The rabbinical leadership of the Ashkenazi ultra-Orthodox community instructed
young haredi men to continue to present themselves at IDF recruiting offices if
and when they receive enlistment orders, despite complaints about the medical
exams they undergo at the offices.
In a public notice published on the
front page of the Yated Neeman haredi daily newspaper on Thursday, the Council
of Torah Sages, a body comprised of the most senior haredi rabbis in the
country, instructed yeshiva students who have received enlistment orders to
present themselves to the IDF but not to sign any documents and to simply
declare themselves to be yeshiva students.
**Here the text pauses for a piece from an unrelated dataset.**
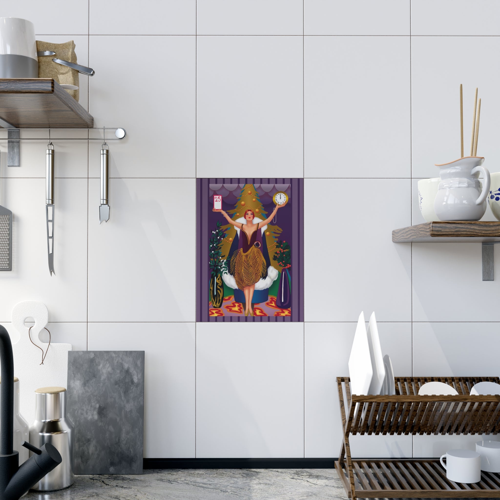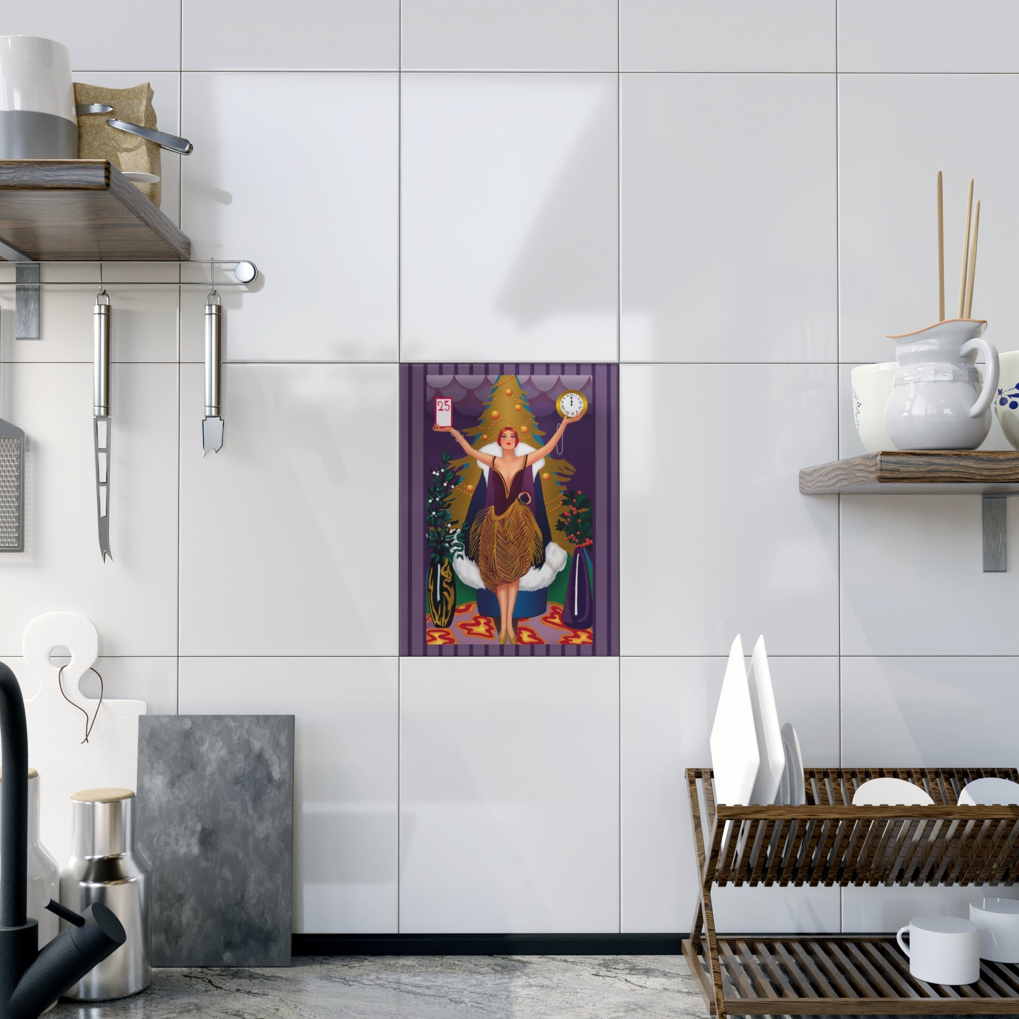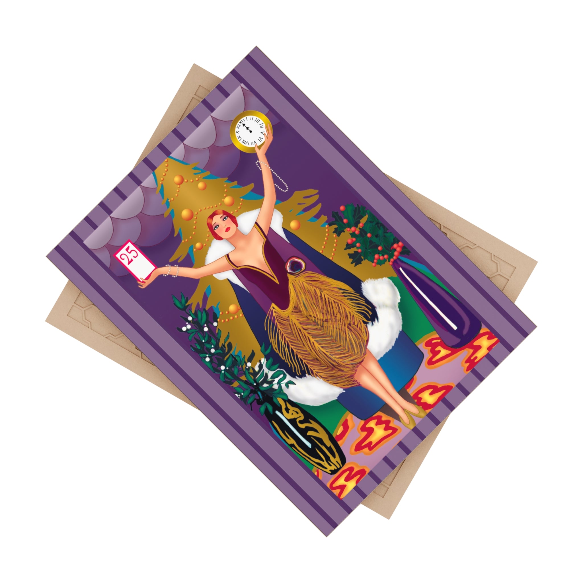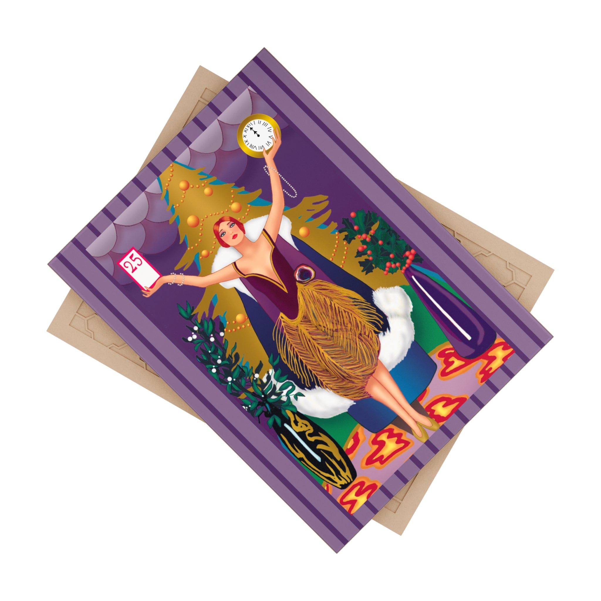 The artwork shows a graceful woman in a golden feathered skirt and deep plum bodice standing before a radiant Christmas tree. In her hands she holds a calendar marked “25” and a clock striking midnight—symbols of the countdown to Christmas Day. Rich jewel tones, shimmering patterns, and festive greenery surround her, blending Art Deco elegance with the magic of the season. This piece adds timeless charm and beauty to any holiday décor.

This is in accordance with an
earlier directive issued by the council back in August.
On Tuesday,
senior haredi MKs Moshe Gafni and Ya’acov Litzman held a meeting with officials
in the Defense Ministry to address the complaints and concerns of several
yeshiva students and the haredi leadership with regards to the standard medical
exams all recruits undergo in the initial enlistment process.
Some
yeshiva students have reported that they were not dealt with “in accordance with
their haredi lifestyle” at the recruitment office, and yeshiva deans have voiced
concern about the medical exams that all recruits are given, particularly that
they not be conducted on yeshiva students by women.
The Council of Torah
Sages notice in Yated Neeman on Thursday said that “following the serious
problems at IDF recruitment offices which have been reported, the issue is being
examined and dealt with in full severity by representatives of United Torah
Judaism.”
As such, there is no change in the instructions of the Council
and yeshiva students should continue to present themselves to the IDF when
requested but not sign any documents, the notice continued.
During their
meeting with Defense Ministry officials, Gafni and Litzman requested that
specific procedures be drawn up for the handling of haredi youth in IDF
recruitment offices in accordance with their haredi lifestyle.
According
to UTJ officials, the Defense Ministry officials promised to look into the
reports and to draw up guidelines for dealing with yeshiva students, saying that
they would make every effort to avoid such problems.
Because of the
concerns over the medical exams, warning notices were posted on Wednesday at
several yeshivas associated with leading haredi figure Rabbi Shmuel Auerbach
instructing yeshiva students not to present themselves at recruitment offices if
so requested.
Such notices appeared at Maalot Hatorah Yeshiva, headed by
Auerbach, as well as the Ponvezeh yeshiva, a leading haredi institution, and
other yeshivot as well.
Auerbach has, however, been sidelined in the
ranks of the haredi spiritual leadership since losing a leadership struggle with
Rabbi Aharon Leib Shteinman earlier this year.
The Council of Torah
Sages, headed by Shteinman, issued its notice in Thursday’s Yated Neeman in
response to the warnings placed in the yeshivas connected to
Auerbach.
Since the expiration of the Tal Law in August that allowed
full-time yeshiva students to indefinitely defer military service, hundreds of
recruitment notices have been sent out by the IDF to haredi youth born in 1994
and 1995 requesting that they present themselves at a recruiting office for the
preliminary stages of the enlistment process.
The Defense Ministry has
however said that actual enlistment will only begin in the summer of
2013.
Draft reform advocates have accused the Ministry of dragging its
feet on haredi enlistment so that, after the coming elections, the Knesset can
reconvene and pass new legislation to exempt the majority of yeshiva
students.
According to another report in Yated Neeman on Thursday, Gafni
and Litzman declared that they would “continue to work [to ensure] that no
yeshiva student claiming the status of ‘Torah is his employment’ will be drafted
and [that he will be able] to continue studying Torah — his obligation and his
mission.”
According to the Defense Ministry, 800 haredi boys born in 1995
and 1996 have presented themselves at IDF recruitment offices and 200 have
received enlistment orders for July 2013.